WORK ORDER:
Leave out every picture, and output exactly the lines from the line containing "WONDERFUL LOCATION - JUST" through the last line of the data.

RAW DATA:
★ ★ ★ ★

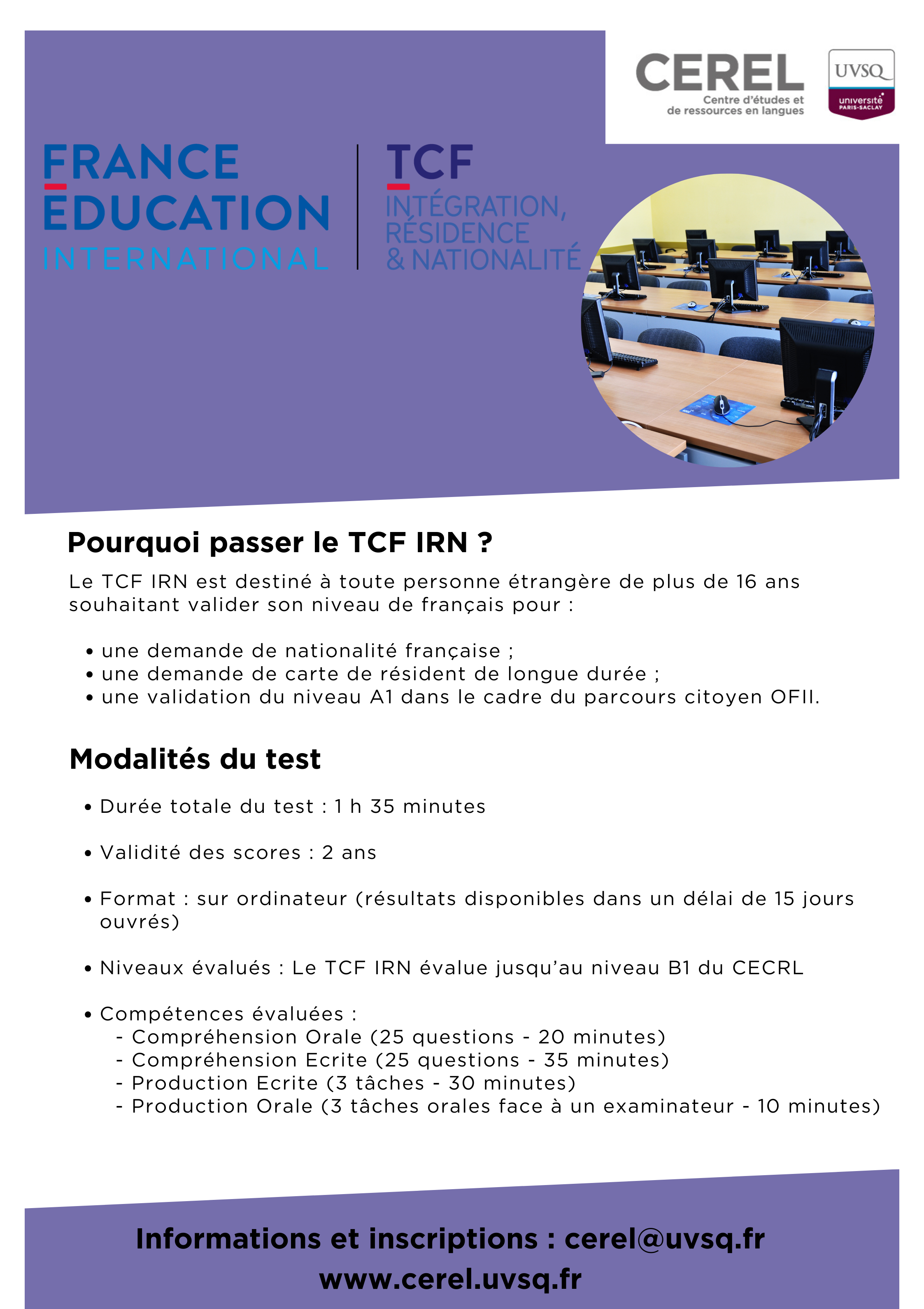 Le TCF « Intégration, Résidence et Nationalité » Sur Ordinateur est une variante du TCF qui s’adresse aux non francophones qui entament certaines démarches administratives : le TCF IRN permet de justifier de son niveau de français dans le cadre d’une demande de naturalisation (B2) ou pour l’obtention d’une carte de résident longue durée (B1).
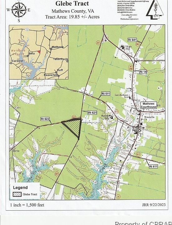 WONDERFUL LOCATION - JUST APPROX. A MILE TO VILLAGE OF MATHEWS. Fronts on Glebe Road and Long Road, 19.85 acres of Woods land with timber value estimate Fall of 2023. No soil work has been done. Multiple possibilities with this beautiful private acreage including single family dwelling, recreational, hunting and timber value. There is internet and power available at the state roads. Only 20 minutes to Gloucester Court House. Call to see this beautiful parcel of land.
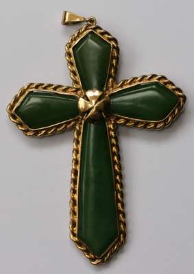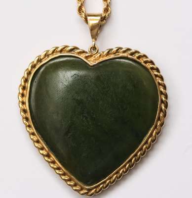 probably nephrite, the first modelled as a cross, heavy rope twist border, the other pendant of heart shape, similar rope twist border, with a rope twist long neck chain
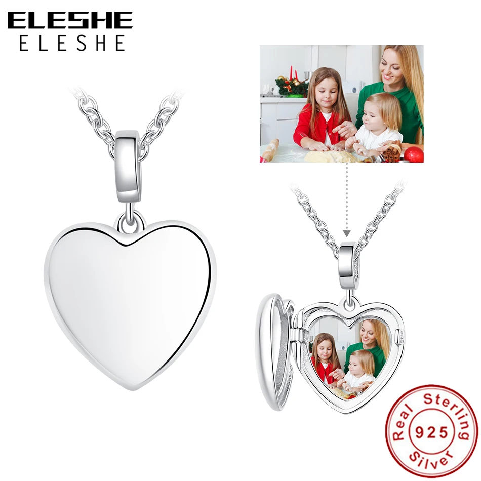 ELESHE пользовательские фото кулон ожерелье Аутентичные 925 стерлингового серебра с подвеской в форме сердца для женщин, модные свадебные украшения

★ ★ ★ ★

ANSWER FOR THIS EXERCISE:
 WONDERFUL LOCATION - JUST APPROX. A MILE TO VILLAGE OF MATHEWS. Fronts on Glebe Road and Long Road, 19.85 acres of Woods land with timber value estimate Fall of 2023. No soil work has been done. Multiple possibilities with this beautiful private acreage including single family dwelling, recreational, hunting and timber value. There is internet and power available at the state roads. Only 20 minutes to Gloucester Court House. Call to see this beautiful parcel of land.
 probably nephrite, the first modelled as a cross, heavy rope twist border, the other pendant of heart shape, similar rope twist border, with a rope twist long neck chain
 ELESHE пользовательские фото кулон ожерелье Аутентичные 925 стерлингового серебра с подвеской в форме сердца для женщин, модные свадебные украшения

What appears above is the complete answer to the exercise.